After the PVT instrument was cleaned, the above steps were repeated for the second aeration expansion experiment. The volume of CO2 gas injected this time was greater than that of the first experiment. The saturation pressure, volume expansion coefficient, viscosity, and other parameters of the CO2-formation crude oil system were also tested. Overall, a total of six aeration expansion experiments were carried out at the formation temperature. Table 2 provides a summary of the experimental results.

2.2. Changes in CO2 Saturation Pressure

Figure 2 illustrates the relationship between the saturated pressure of crude oil and the amount of CO2 injected. After the CO2 injection, the saturation pressure of the formation crude oil increases significantly; the greater the amount of CO2 injected, the higher the saturation pressure. For example, at a CO2 content of 72.45 mol% in the formation crude oil, the saturation pressure of the co-formation crude oil system reaches 57.76 MPa. The variation in the saturated pressure of the CO2–formation crude oil system also reflects the solubility of CO2 in the crude oil. Moreover, the solubility of CO2 in the crude oil increases with increasing pressure. The higher the gas injection pressure, the more the CO2 dissolves in the crude oil, which improves the oil displacement efficiency.

2.3. Changes in Expansion Coefficient

Figure 3 illustrates the relationship between the coefficient of volume expansion and pressure and the amount of CO2 injection. The volume expansion coefficient refers to the ratio of the crude oil volume under formation pressure after adding CO2 to the volume without adding CO2 (still under formation pressure). This coefficient reflects the capacity of CO2 to expand crude oil after gas injection. Figure 4 shows the curve of the coefficient for the CO2–ground oil system against the amount of CO2 injected. The experimental results show that the volume of crude oil significantly expands after CO2 injection, and the volume expansion coefficient increases with the increase in the amount of CO2 injected. Because the solubility of CO2 in crude oil increases with rising pressure, the ability of CO2 expansion volume is enhanced by increasing the injection pressure, which is conducive to improving the oil displacement efficiency.

2.4. Changes in Viscosity

Figure 4 illustrates the relationship between viscosity and CO2 injection amount. CO2 flooding effectively improves oil displacement efficiency because it reduces the viscosity of crude oil after dissolving into the crude oil, and the viscosity reduction effect is closely related to the oil displacement effect. In this study, after CO2 injection, the CO2–formation crude oil system was tested under saturated pressure to evaluate the effect of CO2 injection on the viscosity reduction of formation crude oil in the test area. The experimental results show that, upon CO2 injection, the viscosity of the formation crude oil decreases considerably, and the system’s viscosity decreases with an increasing CO2 amount, albeit at a gradually reducing rate. These results show that CO2 injection has a strong expansion ability and good viscosity reduction effect on the formation oil in the test area, and it improves the oil recovery to a certain extent.

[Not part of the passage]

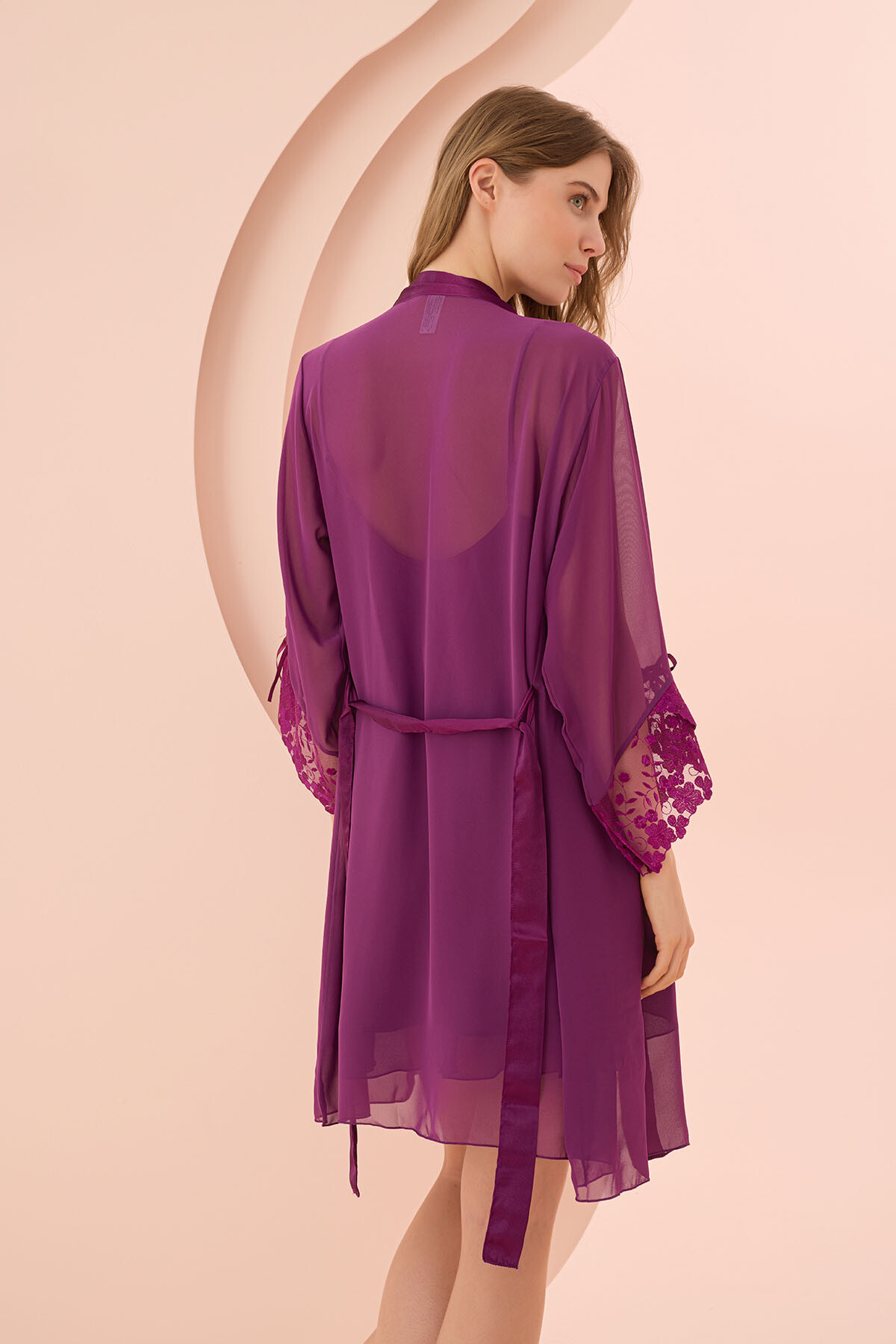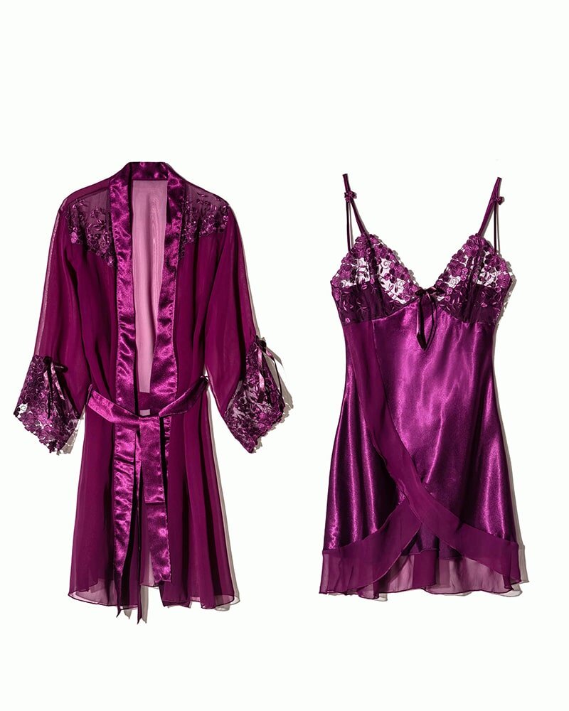 Mor Fantezi Saten Gecelik Sabahlık Takım

3. Behavior of Minimum CO2 Miscible Pressure

3.1. Subsection

The formation of a miscible phase in the displacement process is the key factor affecting the oil displacement efficiency. In an immiscible displacement, the oil displacement efficiency is low, and the oil displacement efficiency no longer changes substantially after the formation of immiscible displacement.
The classic thin-tube experimental method was employed to test the minimum miscible pressure (MMP) of CO2 miscibility in crude oil by using a specific experimental device, as shown in Figure 5. The essence of the experiment is to displace crude oil in porous media provided by a thin tube model by injecting a gas, which eliminates the influence of the mobility ratio, gravity differentiation, heterogeneity, and other factors to the greatest extent. For a given formation crude oil and reservoir temperature, the displacement pressure and injected gas composition are the main factors that determine miscibility. By varying the displacement pressure or injected gas composition, we can obtain a curve that depicts the relationship between displacement efficiency and displacement pressure (or injected gas composition) under the same injection pore volume. The pressure corresponding to the inflection point of the curve is the lowest miscible pressure.
The experimental device for determining the minimum miscible pressure is shown in Figure 6, and it mainly comprises the model, injection, measuring, and output systems.

3.2. Experimental Steps

(1)
Preparation of live oil samples
A certain volume of dead oil was added to the high-temperature and high-pressure sample distributor (Cochi (Beijing) Technology Limited, Beijing, China), as well as a certain amount of gas sample (the amount of oil and gas sample was accurately calculated using the PVTsim software (version PVT 240-1500 FV) before oil distribution). A constant temperature of 60 °C and pressure of 20 MPa were maintained and the sample was fully stirred and balanced to ensure that it was in a stable single-phase state. Then, the sample was transferred to the kettle containing the live oil in the thermostat in preparation for the thin tube experiment.
(2)
Density and volume coefficient test under different pressures
The density meter (Anton Paar (Shanghai) Trading Co., Shanghai, China) was used to measure the density of degassed dead oil samples. The relevant data of the volume coefficient under different pressures were obtained through the constant mass expansion experiment using a PVT test.
(3)
Cleaning of thin tubes
Petroleum ether was used to clean the thin tubes at a constant flow of 5 mL/min. During the cleaning, the back pressure was adjusted to increase the pressure to the experimental measuring point. During the cleaning, approximately 2–3 PV were cleaned, and once clear petroleum ether appeared at the end, it was transferred to the crude oil saturation stage.
(4)
Saturation of formation crude oil
The formation crude oil sample was saturated at a 2 mL/min constant flow. When the saturation was approximately 1.5 PV, the composition and gas–oil ratio of the oil sample at the end was determined. When it was consistent with the original sample, it was transferred to the displacement stage.
(5)
Thin tube displacement test
At the formation temperature, a 0.2 mL/min constant-flow CO2 displacement experiment was performed on the configured formation samples by changing the experimental pressure conditions. The stage recovery and total recovery were calculated under each pressure condition.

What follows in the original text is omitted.